It comes your next month's statement and surprise of surprises, she has already billed you for this medical cover even before receiving your approval. You confront her, trying to control your rage at this sacrilege, and she tells you coolly, "when we spoke on the phone, you never emphatically said no to my scheme; so we presumed you said yes and according proceeded ahead by billing you."

Now, nothing can be done, you will have to pay the entire first year's premium ! "Oh, we have a recording of our entire discussion and we can play it back for you if you like", is the last punch line. This fraud is being played on people day in day out and the pity is that the RBI is fully aware of this large scale fraud and has not done a thing about it, till date. If it comes to a real showdown in a court of law, where is the guarantee that the bank would not have doctored the recorded conversation to edit out your objections during the same telecon?

Selling policies on the phone is an accepted practice in the west but there the underlying theme is utmost honesty because the buyer can sue them in case of malpractice.

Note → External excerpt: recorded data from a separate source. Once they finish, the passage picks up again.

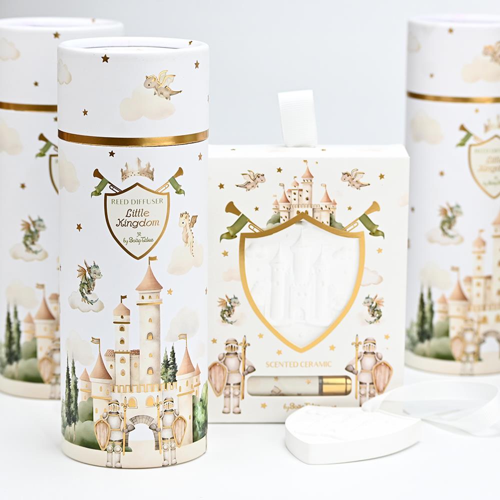 Ταξιδέψτε σε έναν κόσμο μαγείας και περιπέτειας με το αρωματικό χώρου 50ml της SoapTales!Με θέμα τους ιππότες και τα κάστρα, αυτό το μοναδικό προϊόν ξεχωρίζει για τα υπέροχα γραφικά του, διακοσμημένα με κομψές χρυσοτυπίες που αποπνέουν πολυτέλεια και φινέτσα.Το άρωμα του χαρίζει μια αίσθηση δροσιάς και φρεσκάδας. Ιδανικό για να μεταμορφώσει κάθε χώρο σε έναν παράδεισο χαλάρωσης και ηρεμίας.Ιδανικό για εκδηλώσεις βάπτισης, προσθέτει μια πινελιά φαντασίας και ρομαντισμού σε κάθε χώρο.Είναι επίσης μια εξαιρετική επιλογή δώρου για αγαπημένα πρόσωπα, συνδυάζοντας αισθητική, διαχρονικό άρωμα και εντυπωσιακή παρουσίαση.Ανακαλύψτε τη μαγεία της SoapTales και χαρίστε στους καλεσμένους σας μια εμπειρία που θα μείνει αξέχαστη!
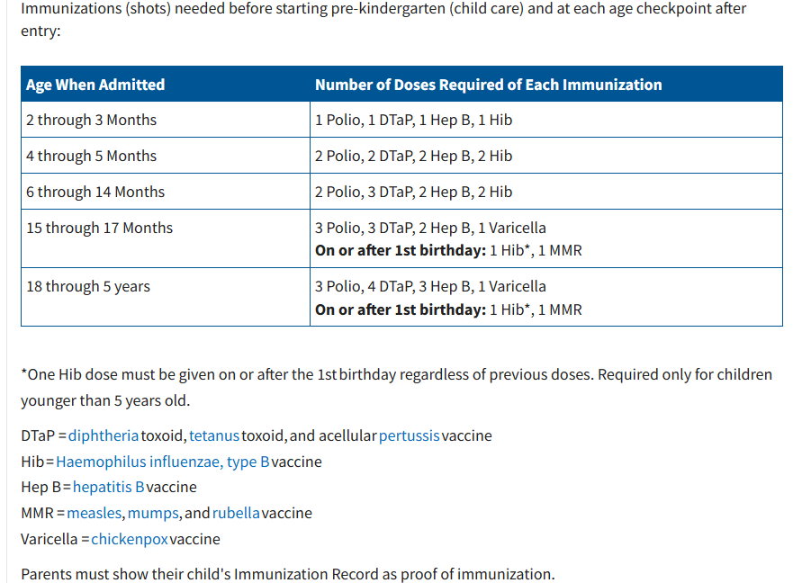 Email completed paperwork to admin@treehouseclublamesa.com or drop off in person on your facility tour day. Once all paperwork is completed in full and submitted, you can start booking sessions for your child. In addition to these documents, we will also need proof that child is up to date with standard vaccinations before child can receive care. This does not include optional vaccinations such as COVID-19 or flu. See vaccination information below.
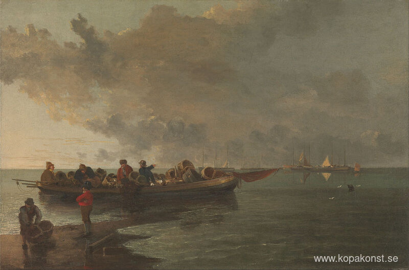 Vi erbjuder dig en hantverksmässig reproduktion på duk av det berömda konstverket 'En pråm med en skadad soldat' av John Crome, från Reproduktionsmuseet.
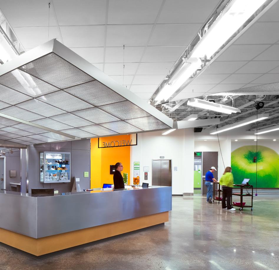 To meet the growing issue of hunger and expand its distribution capacity over three-fold, the Houston Food Bank (HFB) renovated a neglected, thirty year old, “tilt-up” warehouse. The renovation of the 308,000 sf building includes dry and refrigerated warehouses, staff offices, volunteer community rooms and café, social service offices, correction department facilities, food pantry and conference facilities.
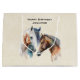 Gift bag with a beautiful watercolor drawing. Featuring a pair of horses, brown and white. Head and neck visible with dripping paint along the base of their neck. Southwestern vibe.
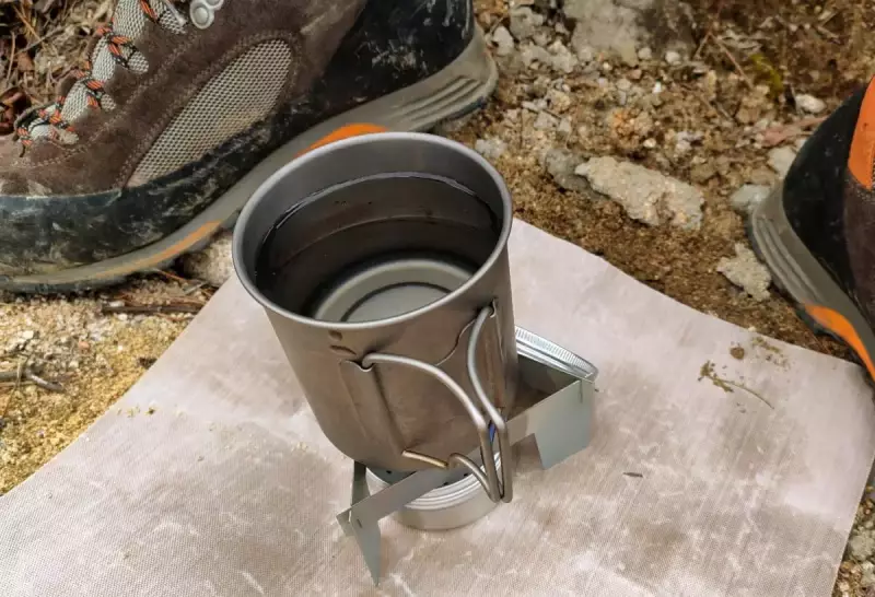 320mlの水を使って湯を沸かします。軽量化を意識して今回はチタンマグカップ(容量420ml)とアルコールストーブを使っています。

Here the banks indulge in their day light robbery along the above lines because the local laws are so weak. It is high time either the RBI or the Finance Ministry or the Supreme Court woke up to the large scale fraud. There have been several hapless victims of this fraud. The government should ban this altogether and disallow the banks to charge card holders until they have a written approval from the customer.

Cross check your monthly statements

Many people assume that since the monthly card statement comes neatly printed on a ready format each month, the entries must be correct. For god's sake and your sake, please double check them. I did precisely that and found that this reputed bank was trying to fob me with an excess charge of Rs 75,000, not Rs 75 or 750, exactly, Rs 75,000!When I reported this to RBI, overnight, this bank revised downward the total outstanding against my name by this whopping amount. Remind yourself that such social parasites exist everywhere, they have no particular dress code and more often than not, they are white collared workers in such banks. When confronted by me with the facts, this bank promised to look through the matter The bottom line, I would have easily allowed myself to be fleeced if I had not been seriously reviewing their statements and become poorer by Rs 75, 000 overnight, had I not decided to confront them with equal aggression and crudeness.

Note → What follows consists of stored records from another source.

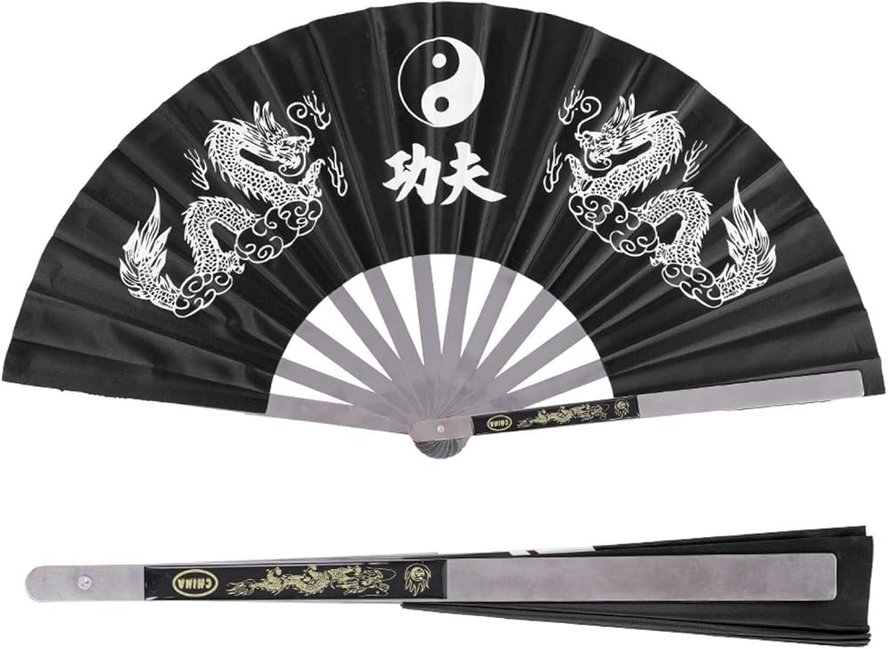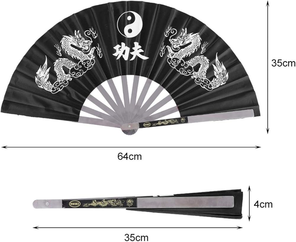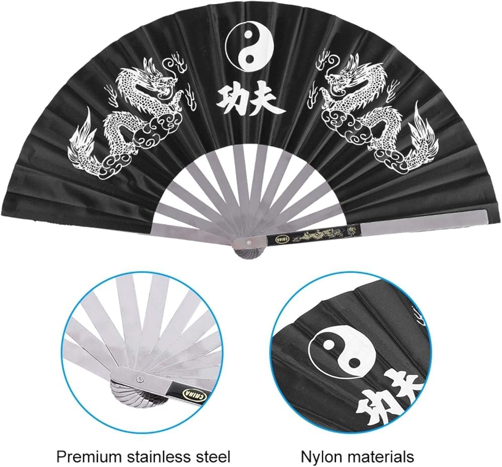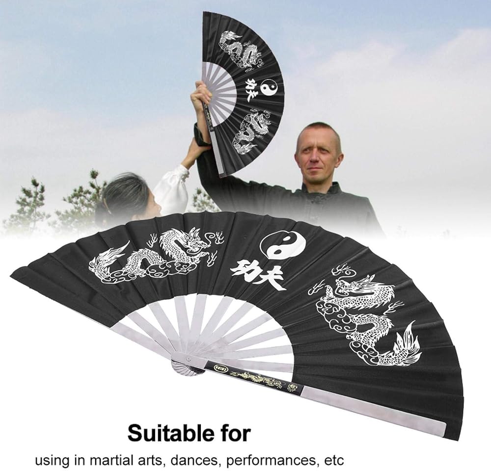 مروحة تاي تشي القتالية من الفولاذ المقاوم للصدأ، مروحة يد كبيرة قابلة للطي للفنون الكونغ فو وأداء التدريب على الرقص للرجال والنساء (أسود)
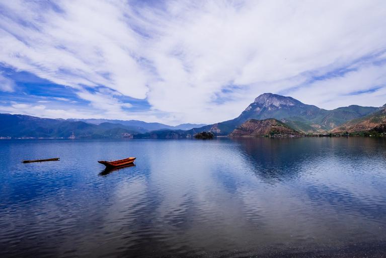 Keywords: lake water boats peaceful scene tranquil calm landscape mountains reflection mirror nature sky clouds outdoor surface view clear fresh
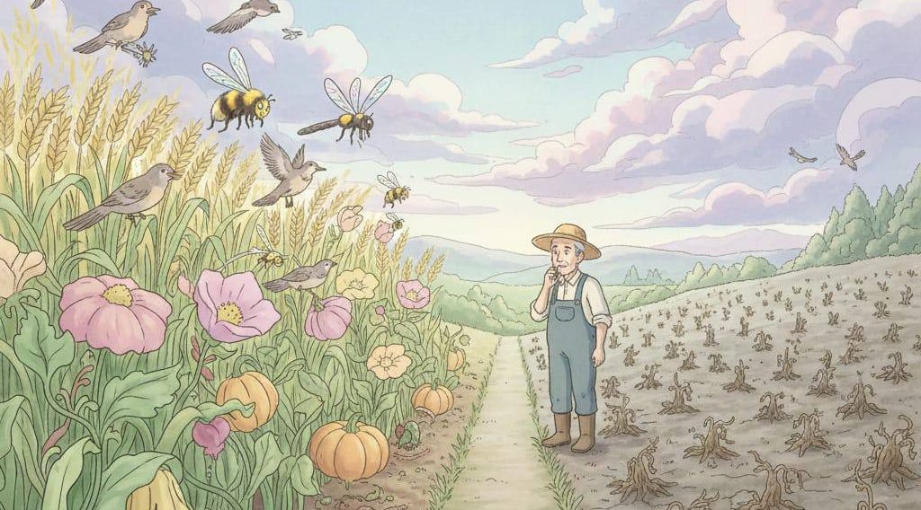 Fields with low biodiversity often experience higher pest pressure. Beneficial insects, birds, and soil organisms help control pest populations naturally. When these are missing, pests multiply quickly.
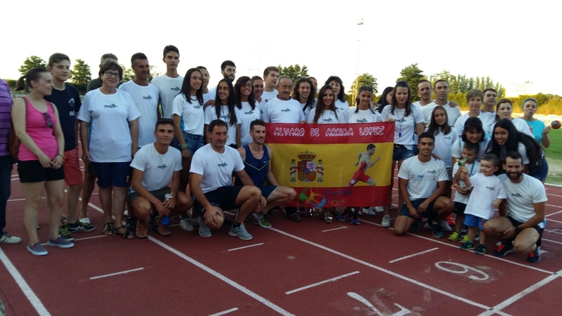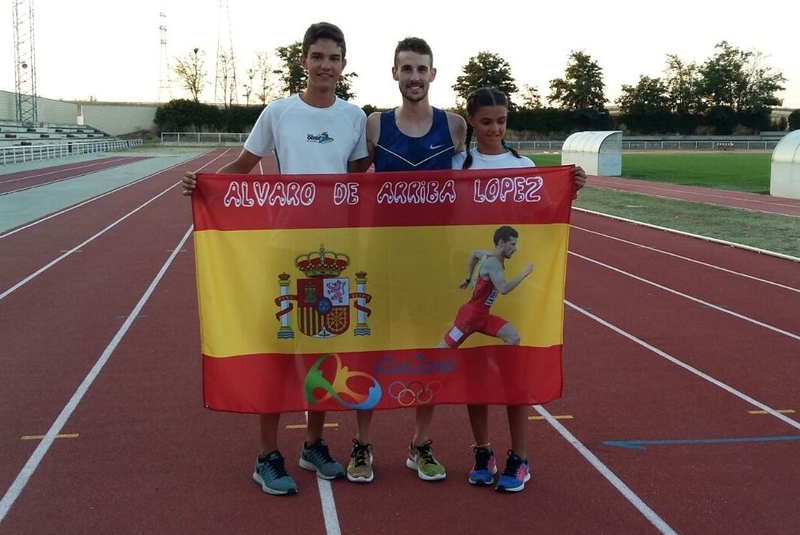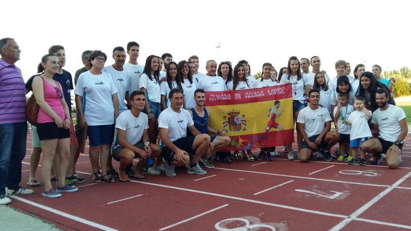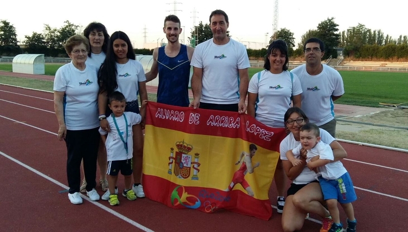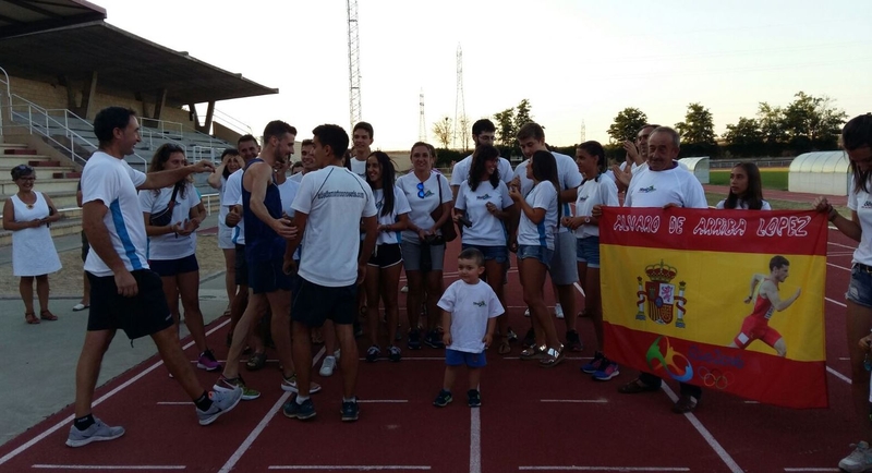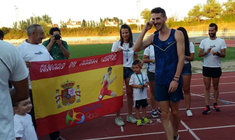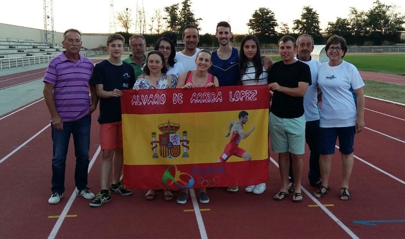 Familiares y amigos (entre ellos sus compañeros habituales de entrenamiento) de Álvaro de Arriba se dieron cita en las pistas a la hora de conclusión del entrenamiento para brindarle una despedida por todo lo alto y desearle la mejor de las suertes en la aventura olímpica. Su entrenador de toda la vida, Juan Carlos Fuentes, viajará a Río de Janeiro el miércoles 10, dos días antes de su debut.

Why do the banks charge exorbitant interest rates in India?

Thanks to some recent initiatives of RBI, when you apply for a personal loan, the banks have seemingly removed all the extra loadings on the sanctioned loan in terms of processing fee, one time fee etc. and they no longer talk of penalty on loans that are pre-closed.

The general interest rates in India have nose dived from a high of 15-20 per cent earlier down to around 10 per cent now. In spite of this, MNC banks charge over 40 per cent, for credit card spends, despite RBI's rumoured directive to them to charge no more than 3.1 per cent a month. There is absolutely no uniformity in these charges and some banks, like Deutsche Bank charge over 42 per cent per annum. In the US and Canada and other western countries, the rates hardly exceed 15 or 16 per cent per annum.

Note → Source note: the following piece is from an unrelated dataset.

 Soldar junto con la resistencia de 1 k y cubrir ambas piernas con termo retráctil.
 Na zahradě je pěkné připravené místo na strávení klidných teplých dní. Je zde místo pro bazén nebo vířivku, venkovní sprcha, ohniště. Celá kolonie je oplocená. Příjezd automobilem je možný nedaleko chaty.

Why should RBI permit such a large difference in interest rates? After all the source of funds (seed capital) of these MNC banks is the west when they start their operations in India and this is obtained at a much lower insignificant rates of interest, say 2 or 3 per cent per annum, which is the ongoing bank rate for personal loans. It is high time RBI seriously looked at these vast interest differentials.

Life time membership fee fraud

Initially, when these banks brought their cards into India, the standard practice was to charge membership fee every year. Since new entrant banks were desperate to make a breakthrough, some of them waived off this annual fee for using the card. To get even, the established banks played a new trick. They came up with a scheme of a one time life membership charge for say VISA or MasterCard. If you heaved a sigh of relief after having paid this one time life time fee, you were again in for a major surprise.

Six months later, the same bank introduces a new version of the VISA or MasterCard and again debits you with a new lifetime membership fee.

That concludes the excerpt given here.